Tulus mengungkapkan meski pihak ketiga telah menerima uang sewa dari para pedagang, tersangka tidak menyerahkannya ke Kas Daerah Kota Serang senilai Rp483.635.555 sesuai perhitungan jasa pelayanan penilai publik.
"Sebelum perjanjian kerja sama ditandatangani minimal 2 hari sebelumnya. Seharusnya sudah membayarkan uang sewa. Kenyataannya sampai hari ini uang sewa ini tidak dibayar, tidak di ada pemasukan ke RKUD," katanya.
Bahkan, Tulus menerangkan kios yang telah ditempati puluhan pedagang sejak Juni 2023 itu, pihak swasta telah memperoleh keuntungan dari sewa kios di lahan negara tersebut.
"Bahkan sudah menguntungkan pihak ketiga senilai Rp456.700.000," katanya.
Meski telah mendapatkan pemasukan, kata Tulus, pemerintah Kota Serang belum menerima pemasukan. Bahkan, pihak ketiga diduga masih menerima pemasukan dari pedagang hingga saat ini.
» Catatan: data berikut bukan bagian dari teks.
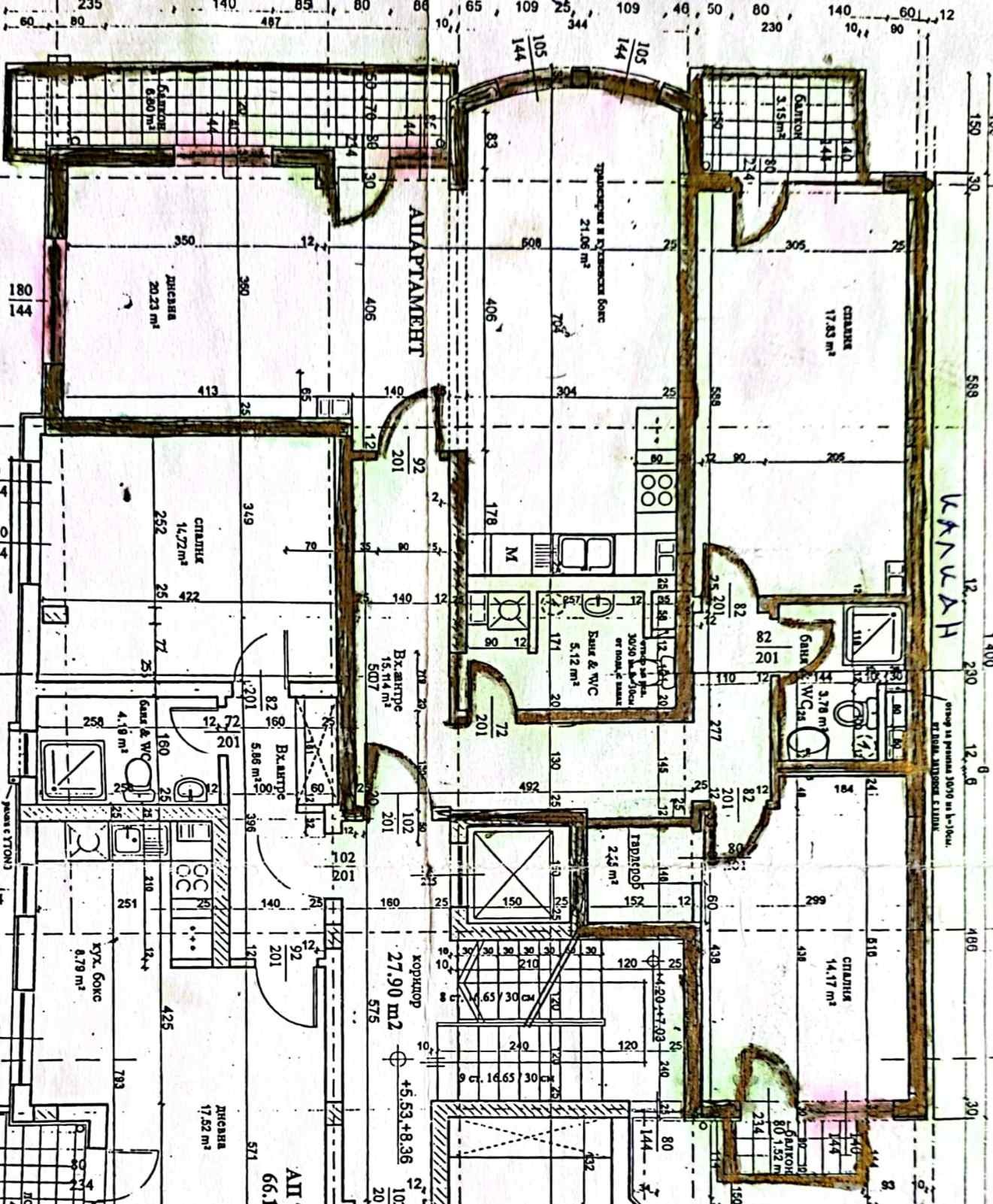 Състои се от просторна всекидневна 42 кв.м. чиста жилищна площ, две спални от по 15 и 18 кв.м, обширен коридор, два санитарни възела, гардеробна, три остъклени тераси с излаз от трите стаи и две изби.
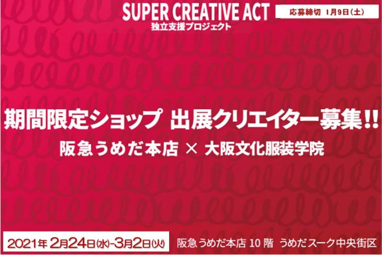 来春2月24日~3月2日、当校 大阪文化服装学院は、卒業生や在校生によるブランドやクリエイションを支援するインキュベーションプロジェクト「SUPER CREATIVE ACT」の一環として、阪急うめだ本店に、期間限定ショップをオープンします。

"Pihak ketiga sudah menerima pemasukan atau keuntungan di atas. Potensi itu akan bertambah karena pembangunan rukok atau lapak itu masih berjalan dan belum juga disewakan," katanya.
Tulus menegaskan, saat ini tim penyidik pidana khusus masih menghitung kerugian keuangan negara, atas kasus sewa lahan negara di Stadion Maulana Yusuf tersebut.
"Kerugian negara sudah kami pegang, tapi pastinya berjalannya waktu perhitungan kerugian negara akan kami pakai perhitungan pihak audit yang lebih kompeten," katanya.